Утро пахло блинами. Столбами поднимался дым из труб. Трое приезжих шли по улице. Молодые, румяные от мороза. И ощущение праздника поселилось уже в каждом из них, волновало и будоражило, манило невесть куда, в заснеженные дали… И все вокруг казалось чистым, светлым, исполненным добра и счастья. В самом деле, можно ли творить недоброе, постыдное в таком прекрасном и светлом мире! И люди приветливы, улыбчивы! Праздник как бы уравнивал всех, делал открытее, отвлекал людей от забот повседневных; суетность отступала, и светлая приподнятость овладевала душой. Ах, и будет сегодня песен!..

Друзья постояли на крутом берегу Томи, полюбовались заснеженными лугами, синеющим справа вдали затомским лесом.
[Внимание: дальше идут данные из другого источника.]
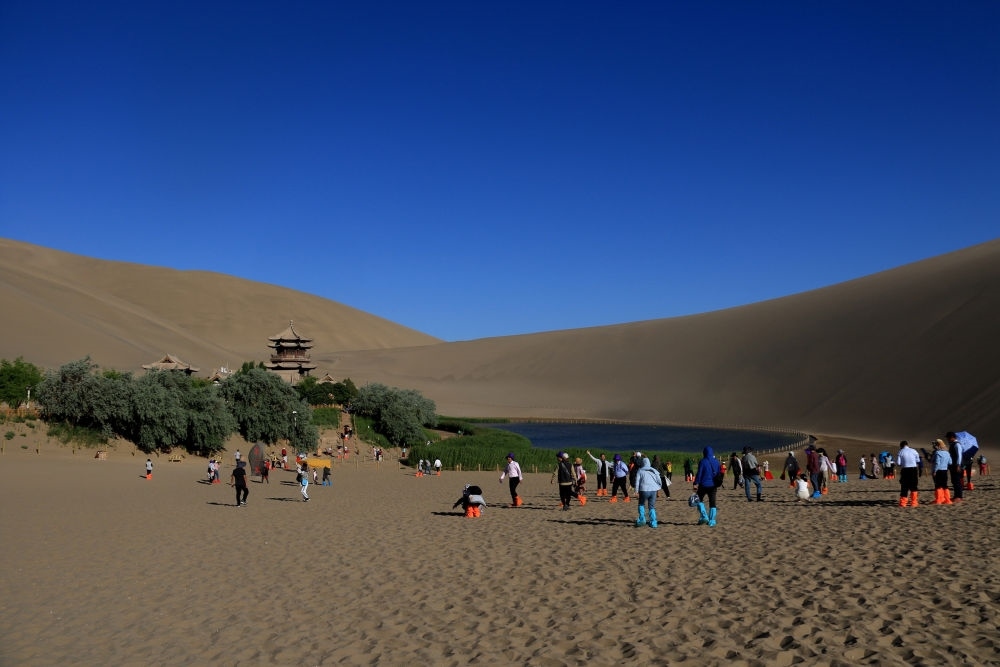 從敦煌市區(qū)出發(fā),向南行走5公里,就到了鳴沙山下。起伏黃沙勾勒出一道道利落的曲線,三面沙山環(huán)抱,突現(xiàn)一泓月牙形狀的清泉,水波蕩漾,魚(yú)翔淺底。

Томь была скована льдом, там и сям виднелись по ней косые срезы суметов, в иных местах лед был гладкий, сверкающий, точно отполированный и начищенный к празднику, и на прогалах этих уже вовсю каталась, резвилась шумная, горластая детвора.

— Ну, куда пойдем? — спросил Коля, соболья шапка на нем в куржаке. Глеб машет рукой, беззаботна смеется:

— А все равно… Какая разница?

— Посмотрим деревню, — предлагает Щукин. И они идут обратно, по улице. И первый, кого встречают, Епифан-конокрад. Он увидел их, узнал Глеба, заулыбался, рукой помахал:

— Глеб Фортунатыч, с приездом. К нашему шалашу милости прошу! — заговорил стихами.
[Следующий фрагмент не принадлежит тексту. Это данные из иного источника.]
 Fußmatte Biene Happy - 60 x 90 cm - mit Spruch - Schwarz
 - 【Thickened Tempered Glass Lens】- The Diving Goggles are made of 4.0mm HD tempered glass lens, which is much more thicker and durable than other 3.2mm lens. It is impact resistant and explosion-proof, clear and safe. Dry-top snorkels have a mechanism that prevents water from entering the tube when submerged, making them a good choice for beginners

— Здравствуйте, Епифан Васильевич, — ответил Глеб.

— А я гляжу, вроде ты, а вроде — и нет. Вырос, паря, сказать по правде, и не узнать. Жених. Поди, уж невеста на примете имеется?
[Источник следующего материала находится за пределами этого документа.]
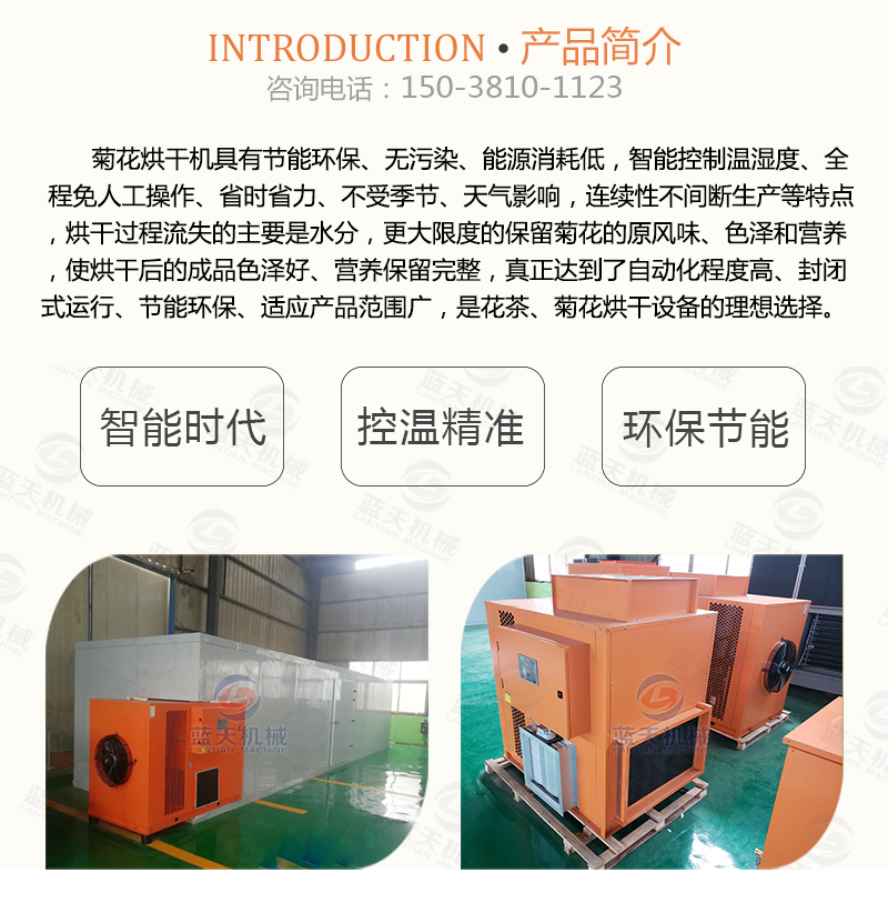 三、烘干品質好,熱效率高。菊花烘干機設備采用電加熱,烘干溫度穩定,以及特有控制系統,能準確控制烘干機的溫度,因此,烘干菊花品質好。
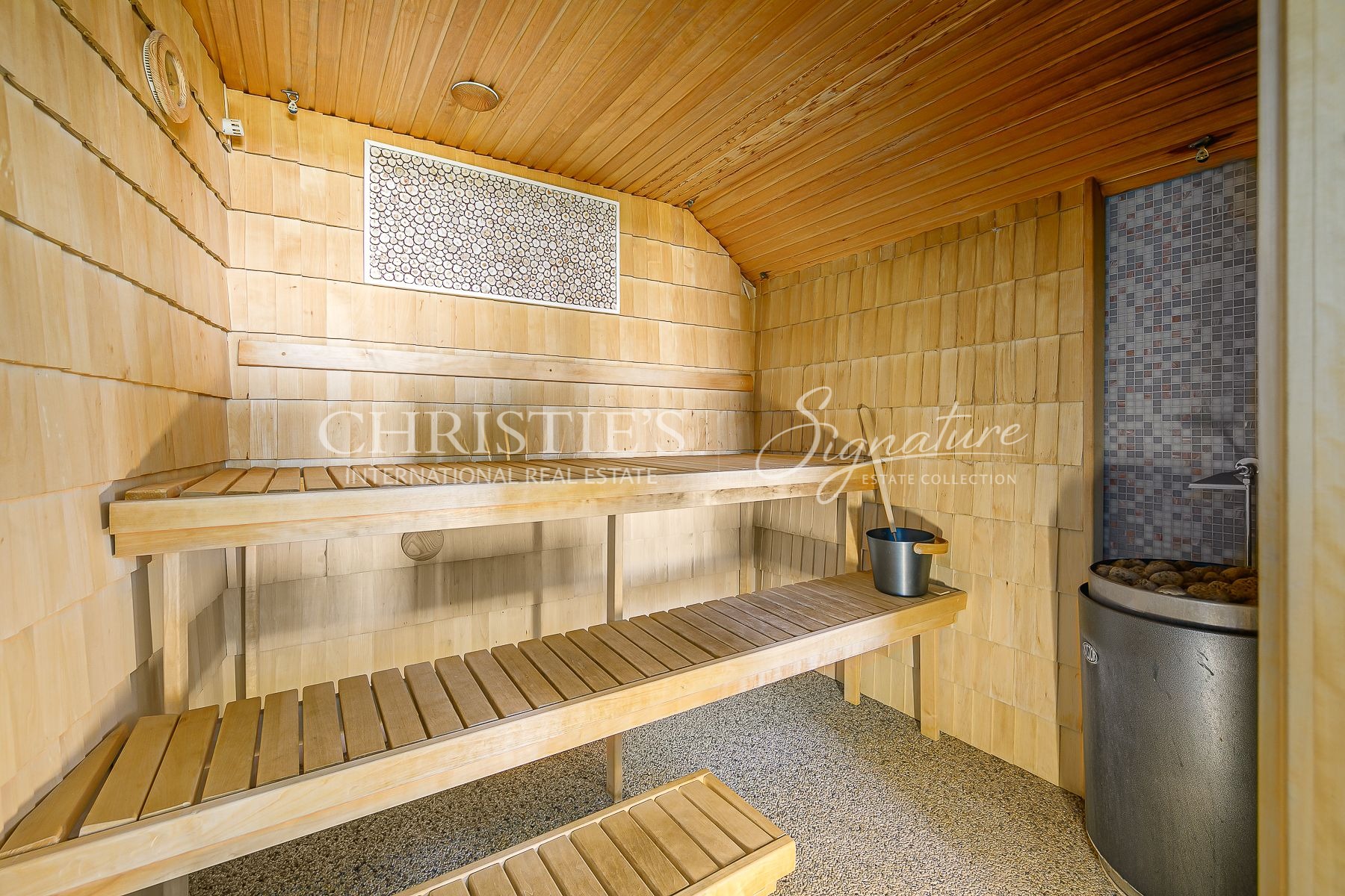 The first floor of the house includes a large 90 sqm living room with an open kitchen and dining area, a guest room, a small spa area with a Finnish sauna, a steam sauna, a jacuzzi, and a separate lounge room. The first floor also features a heated enclosed terrace and a large open terrace with sea views.

— Нет, пока не приглядел, — отшучивается Глеб.

— Э-э, нашел заботу, да мы тут любую тебе сосватаем, только скажи, — громко хохочет Епифан, и черные цыганские глаза его плутовато сверкают. — А, Глебушка? Такую свадьбу закатим, лучших своих рысаков запрягу… — не преминул похвастаться. — Где ты еще таких-то лошадок найдешь? Давай, Глебушка… А хошь, Настьку свою выдам за тебя? — спрашивает. — Да ты не робей, паря, она у меня што надо девка, кровь с молоком. Хозяином станешь.

— Ну, Епифан Васильевич, какой из меня хозяин?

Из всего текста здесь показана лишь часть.